Use case 1: Data Visualization

Now that we have a data cube (DS) to work with, we can start by visualizing some of the monthly soil moisture values. Our data cube DS is an xarray.Dataset, which comes with a lot of functionalities. For example we can create a simple map visualization of:

  • soil moisture for a certain date.

  • the number of observations for a certain date (note that nobs is only available for monthly and 10-daily averaged data downloaded from CDS). Here we extract an image from the data cube using the xarray.Dataset.sel method.

In the next cell, you can select a date to plot soil moisture data. We then select the correct soil moisture (and observation count) data and create a map visualization.

Try:

  • Choosing a different month and year in the first line, to plot the data for a different time stamp.

DATE = "2022-05-01"  # Time stamp to create plot for, you can choose a different date!

if np.datetime64(DATE) not in DS.time.values:
    raise KeyError(f"{DATE} not found in data.")

# Create an empty figure with 2 subplots
fig, axs = plt.subplots(1, 2, figsize=(17, 5), subplot_kw={"projection": ccrs.PlateCarree()})

# Extract and plot the soil moisture image for chosen date using xarray.Dataset.sel and Dataset.plot:
p_sm = DS["sm"].sel(time=DATE).plot(
    transform=ccrs.PlateCarree(),
    ax=axs[0],
    cmap=CM_SM,
    cbar_kwargs={"label": f"Soil Moisture [{SM_UNIT}]"},
)
axs[0].set_title(f"{DATE} - Soil Moisture")

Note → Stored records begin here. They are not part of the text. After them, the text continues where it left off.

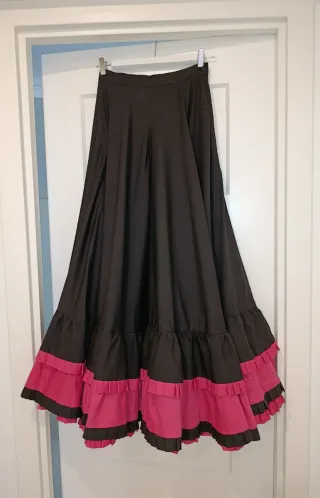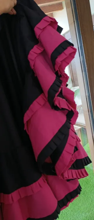 Preciosa falda flamenca hecha a mano por una modista profesional, ideal para baile de flamenco o sevillanas. Presenta un erfecto acabado. Se ha usado una sola vez. - Diseño con múltiples volantes. - Combinación color negro y rosa fucsia. - Falda con mucha caída - Talla S
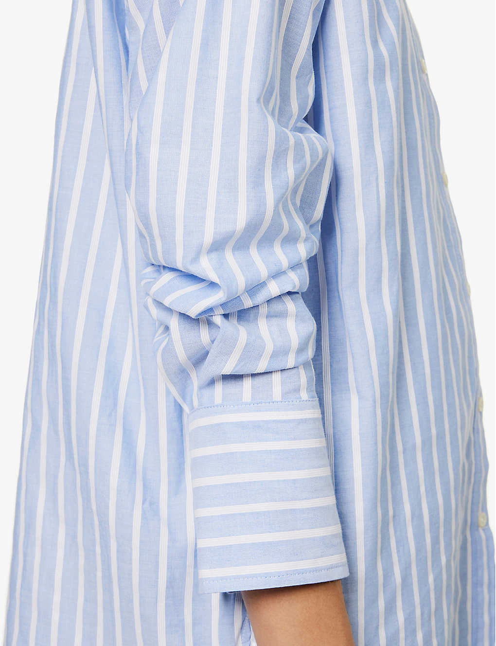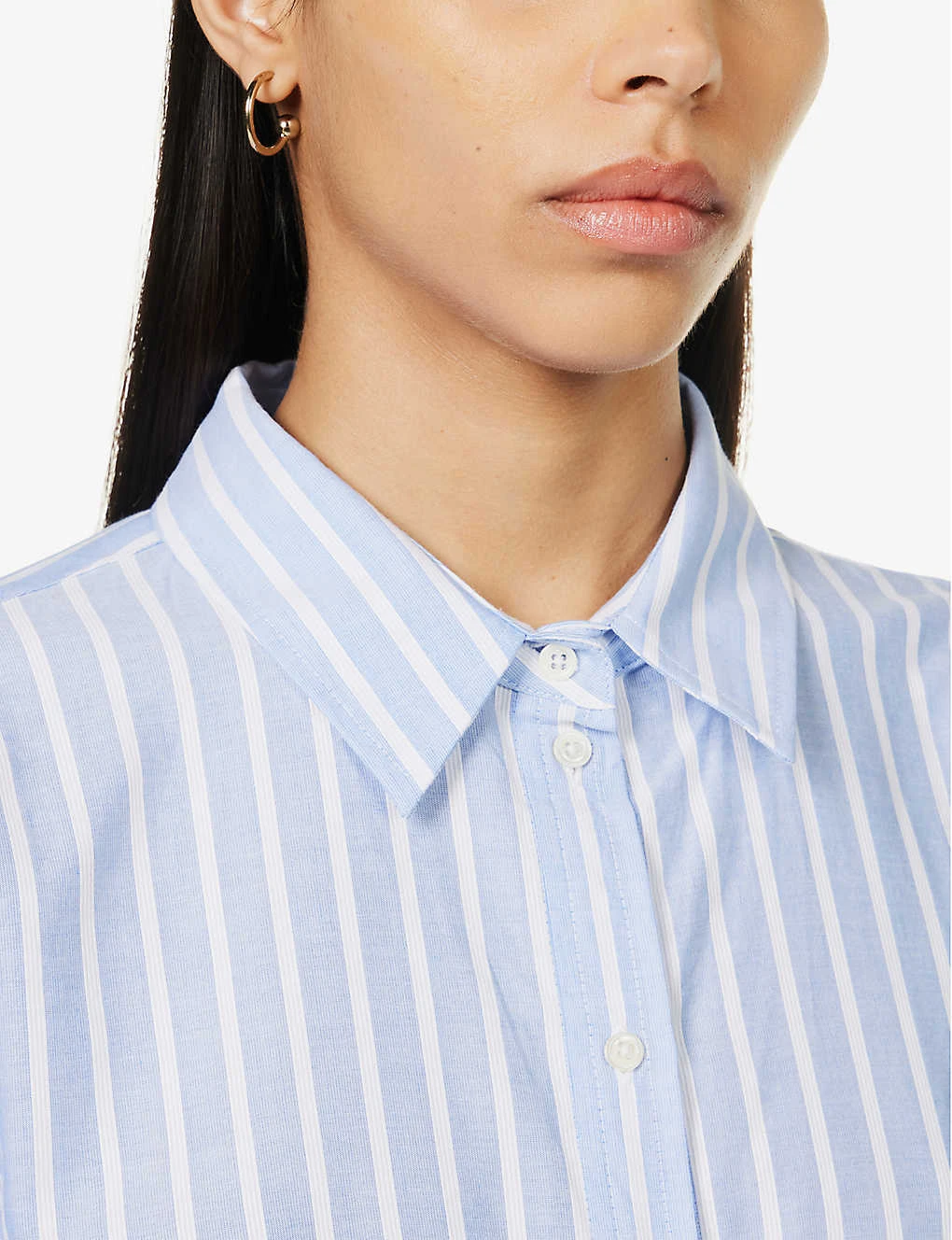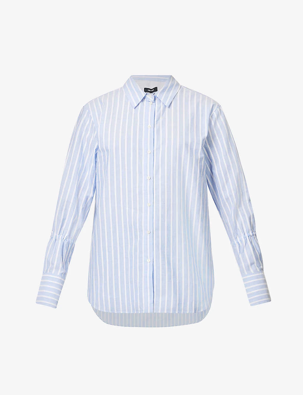 - Boyfriend-fit, round neck, collar, long sleeves, buttoned cuffs, pearlescent buttons, all-over striped weave, box-pleat at back, curved hem
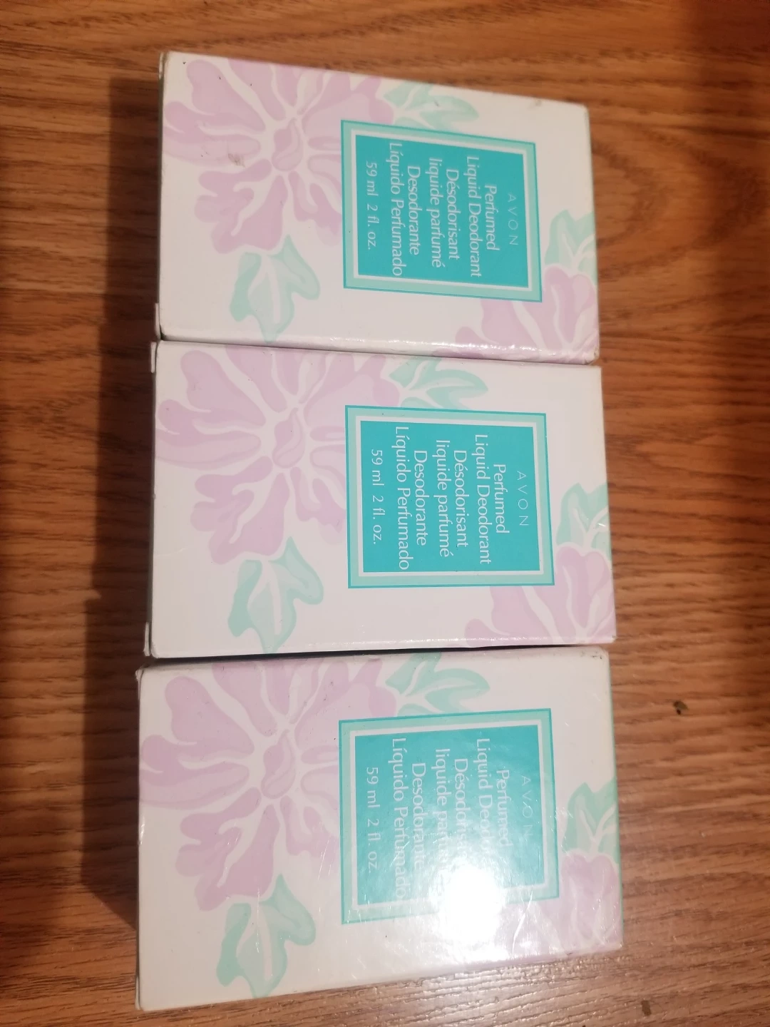 Three boxes of Avon perfumed liquid deodorant are available. Each bottle contains 59 ml or 2 fl. oz. This deodorant is lightly perfumed.
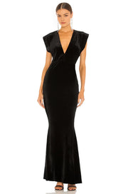 This evening dress features a sheath silhouette. It has a plunge neckline with cap sleeves. The ruched-back style adds a stately charm, and the floor-length cut is perfect for formal events. Velvet fabric and mermaid fit create a majestic and sophisticated evening look.
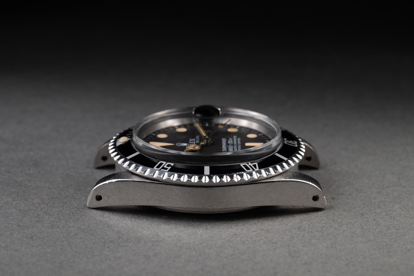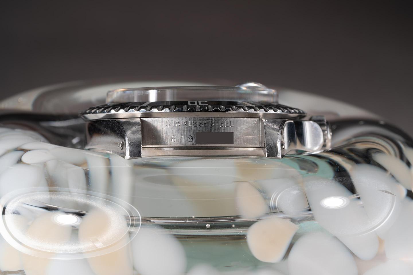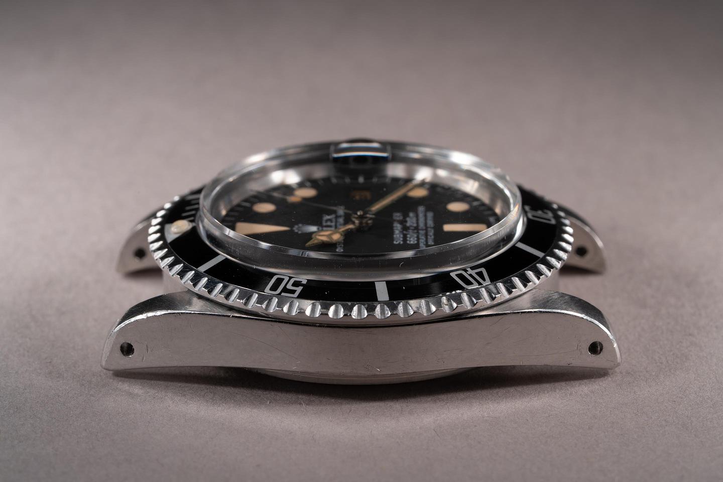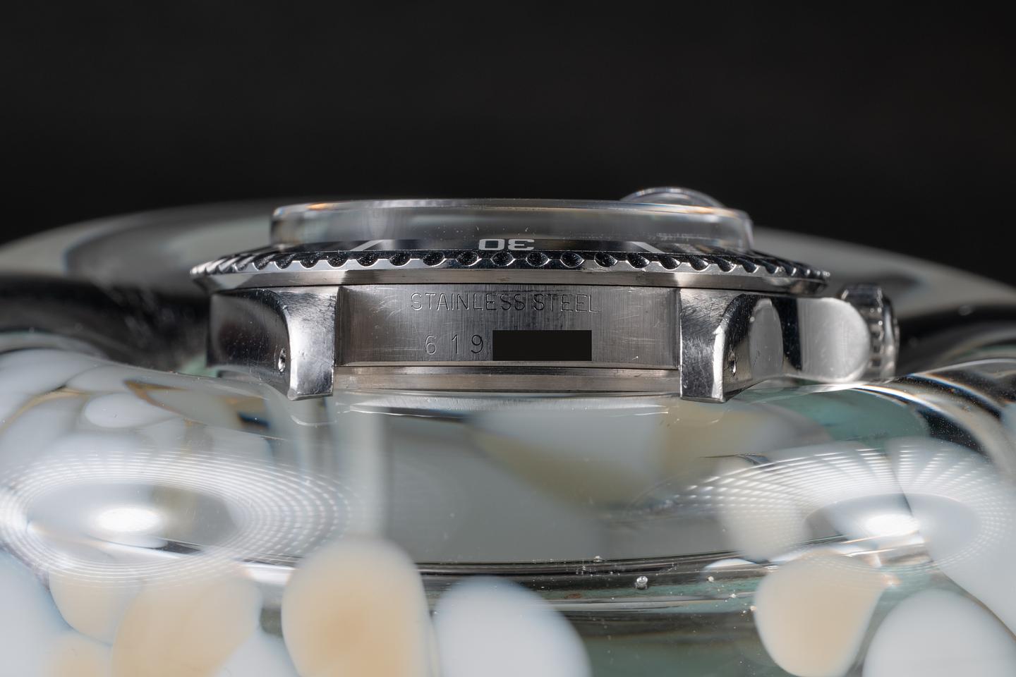 Case: The unpolished case is excellent showing thick prominent factory bevels and overall light wear from use. There is a small ding on the underside of the 7 o'clock lug. The black bezel insert is also in excellent condition showing only very light wear from use.

# Extract and plot the number of observations (nobs) image for chosen date using xarray.Dataset.sel and Dataset.plot:
if "nobs" in DS.variables:
    # Note: nobs is only available for monthly and 10-daily data
    p_obs = DS["nobs"].sel(time=DATE).plot(
        transform=ccrs.PlateCarree(),
        ax=axs[1],
        vmax=31,
        vmin=0,
        cmap=plt.get_cmap("YlGnBu"),
        cbar_kwargs={"label": "Days with valid observations"},
    )
    axs[1].set_title(f"{DATE} - Data coverage")
else:
    p_obs = None


# Add basemape features:
for p in [p_sm, p_obs]:
    if p is None:
        continue
    p.axes.add_feature(cartopy.feature.LAND, zorder=0, facecolor="gray")
    p.axes.coastlines()

# Draw grid lines and labels for both maps:
for ax in axs:
    if ax is not None:
        gl = ax.gridlines(crs=ccrs.PlateCarree(), draw_labels=True, alpha=0.25)
        gl.top_labels, gl.right_labels = False, False
<Figure size 1700x500 with 4 Axes>

When looking at images of different dates, you can see data gaps (grey areas; especially in winter, mountainous regions and high latitude) and areas of high (blue) and low (brown) soil moisture content (left map). When changing the date to plot in the cell above, you can see that the number of observations is much larger in later periods of the record than in earlier ones due to the larger number of available satellites (right map).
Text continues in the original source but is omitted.